Eine (weibliche) Person ging gar so weit, den nackten hässlichen dünnen Stift des Steck-Bügels als Mahnmal des ausgestreckten Mittelfingers des Hoteliers zu interpretieren. Kann man so sehen. Ziemlich hart. Aber leider auch ziemlich wahr.
Anti Theft Hotel Hanger: Zweiter Anklagepunkt
Diese kranke Sorte der fixierten Hotelkleiderbügel signalisiert seitens des Gastgebers nicht nur Geiz und eine Schuldsvermutung – sie ist auch total mühsam im Handling. Vor allem dann, wenn das Licht im Schrank (so überhaupt vorhanden) schlecht ist.
Es ärgert mich jedesmal aufs Neue, wenn ich ein Hemd oder einen Mantel an einen der rigid eingeklinkten Bügel in der tumb aufgereihten Kolonne aufhängen möchte. Oder, falls ich mir erlaubt habe, einen Bügel rauszunehmen, den elenden Steckstift wieder in die metallene Öffnung einzupassen. Hotelier, give me a break!
Darf ich an dieser Stelle kurz mit dieser Bewertung zur Zimmerausstatung zwischenbilanzieren: Dieser Steckstift ist die Schreckschraube im Hotelzimmer.
Horror im Hotelschrank: Dritter Anklagepunkt
Dass der Hotelier mich (und alle anderen Gäste) mit diesen Bügeln unter Diebstahl-Generalverdacht stellt, ist ja schon eine Beleidigung per se. Aber auch eine Bevormundung: Vielleicht möchte ich mein Hemd oder meine Jacke ja gerne auf dem Balkon oder am Fenster aufhängen. Oder im Badezimmer platzieren, wo der Dusch-Dampf Falten glätten soll.
Mit diesen Steck-Bügeln geht das aber nicht. Konklusio: Alleine der Gastgeber bestimmt, wo ich meine Kleider gefälligst aufzuhängen habe: Im Schrank – und nirgends sonst, Du potenzieller Hotelkleiderbügeldieb, Du!
Vor allem in guten Hotels
Nun könnte man denken, dass man dieser Hotelbügel-Seuche vor allem in billigen Hotels begegnen würde, wo ein seelenloser Erbsenzähler in seinem Kämmerchen hinter der Rezeption in kranker Hingabe die Kosten (und das Gäste-Erlebnis) stranguliert. Aber weit gefehlt.

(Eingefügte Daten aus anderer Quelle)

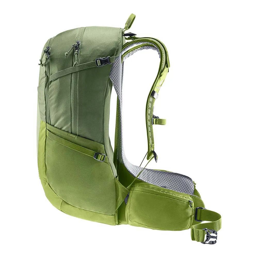 Этот лёгкий и технологичный рюкзак идеально подходит для однодневных походов с интенсивными физическими нагрузками: система Aircomfort Back System невероятно комфортна, а новая сетка обеспечивает максимальную вентиляцию спины. Результат — снижение потоотделения на 25% и, как следствие, повышение эффективности. Передний карман из эластичной сетки отлично подходит для проветривания мокрой одежды во время движения (например, после быстрого купания в горном ручье). Основной материал серии Futura изготовлен из сертифицированного материала Bluesign. Особенности:

Auf meinen Städtetrips nächtige ich oft in Zweistern-Häusern – und dort bin ich dieser hängenden Beleidigung der Hotelausstattung noch nicht begegnet.
Nicht einmal im Hans Brinker Hostel in Amsterdam, lange Zeit bekannt als das «schlechteste Hotel der Welt», habe ich – wenn ich mich recht erinnere – solchen Hotel-Hanger-Hate erlebt. Dafür aber letzten Herbst in einem (sehr geschmackvoll eingerichteten) 4-Stern-Hotel an der Costa Brava und dieses Jahr in einem (ansonsten sehr angenehmen) 4-Stern-Stadthotel in Berlin oder jüngst im ganz passablen 3-Stern-Haus in Griechenland. Namen? Nenne ich bis zur Hauptverhandlung noch keine.
Nun könnte man angesichts all der Herausforderungen auf unserem Erdenrund spotten, dass hier ein wohlstandsverwahrloster Geck über ein Problem ätzt, das ja eher eine Petitesse ist im Vergleich zu allen anderen Dingen, die schief gehen auf diesem Planeten. Ein sogenanntes First World Problem, ein Luxus-Problemli. Ein Detail. Und ja, das ist wohl auch nicht ganz falsch.
Ärgern tut es mich trotzdem. Weil sich Gastgebertum nun auch mal im Umgang mit Details zeigt. Und schliesslich bezahle ich für diese Hotelzimmer First-World-Preise. Da möchte ich mich wohl fühlen. Und nicht von Beginn weg als Dieb. Jetzt bin ich (fürs erste) fertig mit meiner Anklageschrift. Ich bügle ab, bleibe tapfer und murmle zum Abschied leise das, was ich auch mir selber immer sage, wenn mich der Hotel-Wutbürger zu überkommen droht: Hang loose, bleib locker.